Leave the pictures out and quote every line from the start of the listing to the line with "Puerto Rico was", inclusive.

───── GIVEN RECORDS ─────

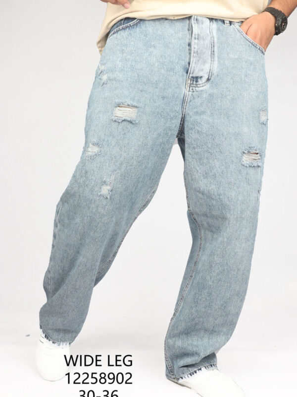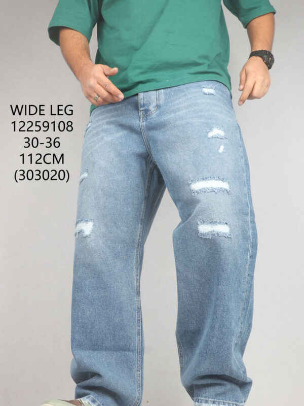 شلوار جین واید لگ آبی روشن زانو زاپ 12257803
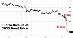 Puerto Rico was in severe debt-slave trouble well before hurricane Maria. The storm pushed it over the cliff, and Donald “The Red Queen” Trump finished the job by saying “no bailout for Puerto Rico.”
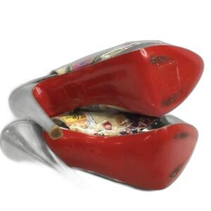 These unique pumps are part of Christian Louboutin's "Trash Collection," known for incorporating recycled materials from the designer's atelier in Paris under a clear PVC layer.
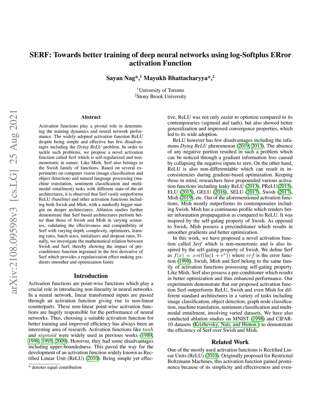 Activation functions play a pivotal role in determining the training dynamics and neural network performance. The widely adopted activation function ReLU despite being simple and effective has few disadvantages including the Dying ReLU problem. In order to tackle such problems, we propose a novel activation function called Serf which is self-regularized and nonmonotonic in nature. Like Mish, Serf also belongs to the Swish family of functions. Based on several experiments on computer vision (image classification and object detection) and natural language processing (machine translation, sentiment classification and multimodal entailment) tasks with different state-of-the-art architectures, it is observed that Serf vastly outperforms ReLU (baseline) and other activation functions including both Swish and Mish, with a markedly bigger margin on deeper architectures. Ablation studies further demonstrate that Serf based architectures perform better than those of Swish and Mish in varying scenarios, validating the effectiveness and compatibility of Serf with varying depth, complexity, optimizers, learning rates, batch sizes, initializers and dropout rates. Finally, we investigate the mathematical relation between Swish and Serf, thereby showing the impact of preconditioner function ingrained in the first derivative of Serf which provides a regularization effect making gradients smoother and optimization faster.
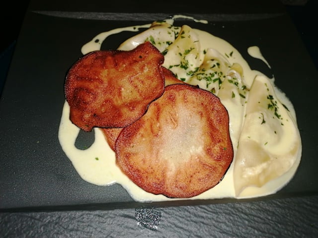 - Seared octopus with soy and salted caramel on a potato cream
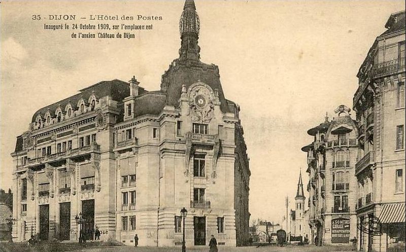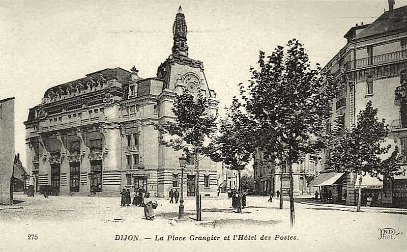 L'Hôtel des Postes, aussi appelé Postes Grangier, est un ensemble immobilier situé aux 8-12 place Grangier, 1-7 rue du Temple, 15 boulevard de Brosses et 2-10 rue Jean-Renaud à Dijon. Construit à partir de 1907 par l'architecte Louis Perreau sur l'emplacement du château de Dijon, démoli à la fin du XIXe siècle, il a été inauguré en 1909. L'immeuble occupe un quadrilatère et suit un plan en grille composé de cinq corps entourant deux cours, et se compose de deux phases distinctes : une partie datant de 1909, avec un bâtiment d'angle, et une extension réceptionnée en 1932. La façade principale, de style néo-Louis XVI, est ornée de sculptures et de mosaïques ; le pan coupé d'angle porte un cadran d'horloge encadré par une sculpture de Paul Gasq représentant Le Jour et la Nuit, et deux médaillons ovales au sommet renferment chacun une mosaïque figurant un coq, symbole des P.T.T. La tourelle métallique abritait un central téléphonique et un télégraphe, tandis que le corps nord est desservi par un hall et un escalier monumental. Au rez-de-chaussée du corps principal se trouve la salle dite du public, dont les quatre travées sont couvertes par un plafond à caissons et entablements, et le local de la chaufferie conserve le puits de l'ancien château fortifié de Dijon. L'extension réalisée à partir de 1927 et réceptionnée en 1932 est de style Art déco et a été conçue par Charles Danne et Gilles Delavault. Jusqu'aux années 2010, l'édifice a été utilisé uniquement comme hôtel des Postes. Un permis de construire accordé en 2013 a permis la restructuration, la rénovation et la mise aux normes du bâtiment ; après ces travaux, les services postaux accessibles place Grangier n'occupent plus qu'une partie de l'édifice. Le reste des locaux accueille un centre dentaire Dentego, une agence de la MGEN et un espace Startway de coworking et d'innovation. Une partie des bâtiments a été aménagée en hôtel Aloft Dijon, ouvert en mai 2024 avec quatre étoiles, 94 chambres, deux salles de séminaire, des espaces de restauration et de concert, un bar, des équipements de fitness et de bien-être incluant piscine intérieure, jacuzzi, hammam et sauna, ainsi qu'un parking ; certaines chambres donnent sur les balcons de la façade place Grangier et la « suite de l'Horloge » prend jour par le cadran de l'horloge du pan coupé. Depuis le 2 décembre 2013, certaines parties du bâtiment sont inscrites aux monuments historiques : les façades sur cours et sur rues, la grille du portail d'entrée donnant sur la rue Jean-Renaud, la salle du public sur la place Grangier, le hall d'entrée et l'escalier d'honneur boulevard de Brosses, ainsi que l'ancien puits du château de Dijon.
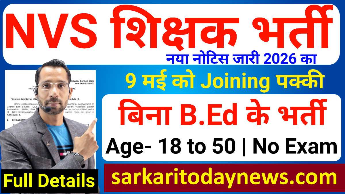 NVS Teacher Recruitment 2026 – Notification Out for PGT,TGT & Other Posts, all the people of India can apply for it, a great opportunity has come up for both men and women, how to apply, how much salary will you get in this and what is your age limit in this, so definitely fill its form, interested candidates read the full notification before filling the form, you will get complete information about how to fill the form here, let us tell you that if you want to do a job in Navodaya Vidyalaya Samiti (NVS), then a great opportunity has come up for you, in 2025, there is a great opportunity for those who want to do a government job, recruitment has come out for all the states of India, you can be posted in your state itself. Update by Sarkari Today News
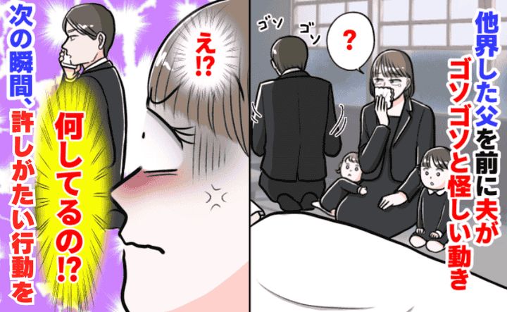 他界した父を横目に夫がソワソワ「何してるの?……は??」あまりに身勝手な行動にゲンナリ!
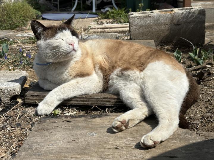 毎日、庭の花が次々に咲いてるから、「猫と花」の撮影はおいおいね。
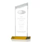 Le magnifique prix Oakwood présente un effet de cascade profondément sculpté qui dévale sur le dessus de la pièce. Avec une base avant en ambre éblouissante, cet award est le moyen parfait d'encadrer vos mots de reconnaissance. 4,0" L x 10,0" H
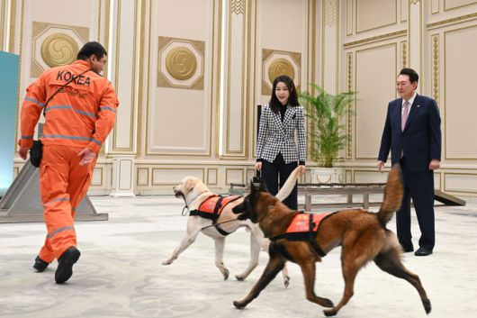[서울=뉴시스] 윤석열 대통령과 부인 김건희 여사가 7일 청와대 영빈관에서 열린 튀르키예 지진 파견 구조견 격려 행사에서 119구조견들의 시연을 참관하고 있다. (사진=대통령실 제공) 2023.03.07. photo@newsis.com *재판매 및 DB 금지
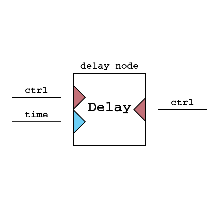 Delay - узел для задержки входящего сигнала на целое количество тактов программы. При подаче нуля отправляет сигнал на следующую итерацию.
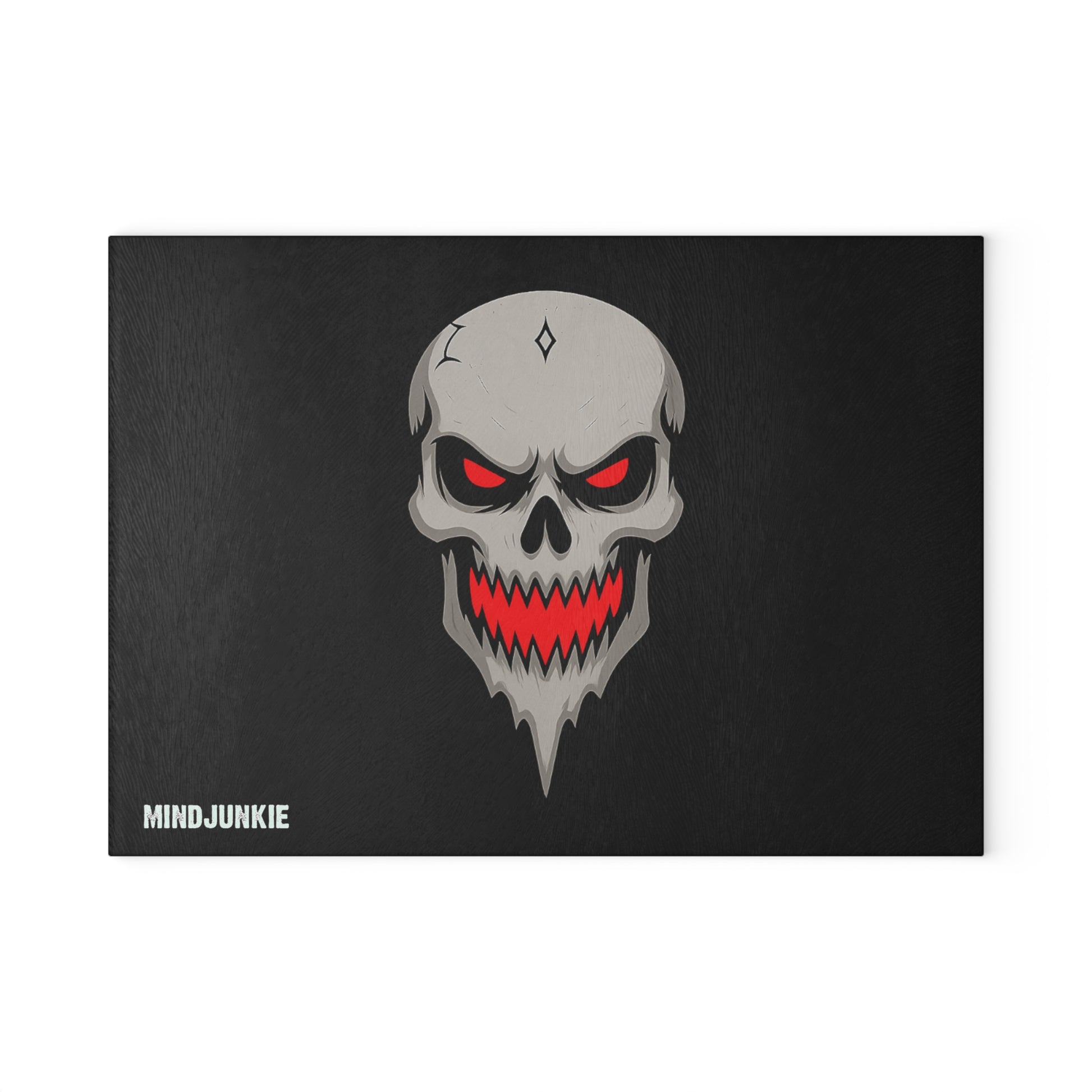 Chop, prep, and terrify — all on the official MINDJUNKIE Skull cutting board. Whether you're slicing garlic or summoning dinner demons, this tempered glass board is built to handle it all with bold design and eerie precision.
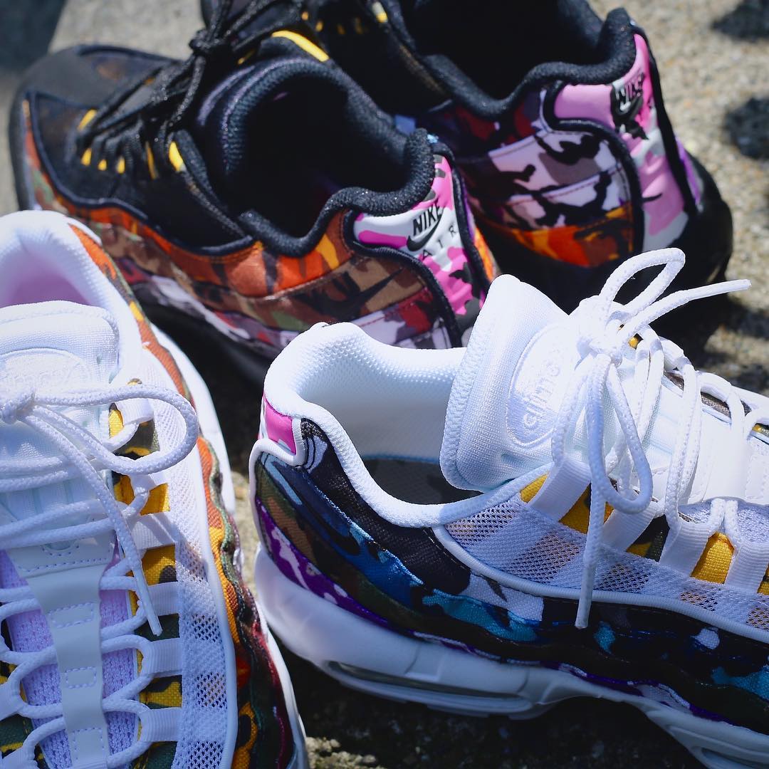 近期非常有特点的 Nike Air Max 95 “ERDL Party” 系列临近发售,日本球鞋店铺 atmos 率先带来黑白两双配色的上脚照。

─────

EXERCISE SOLUTION:
 شلوار جین واید لگ آبی روشن زانو زاپ 12257803
 Puerto Rico was in severe debt-slave trouble well before hurricane Maria. The storm pushed it over the cliff, and Donald “The Red Queen” Trump finished the job by saying “no bailout for Puerto Rico.”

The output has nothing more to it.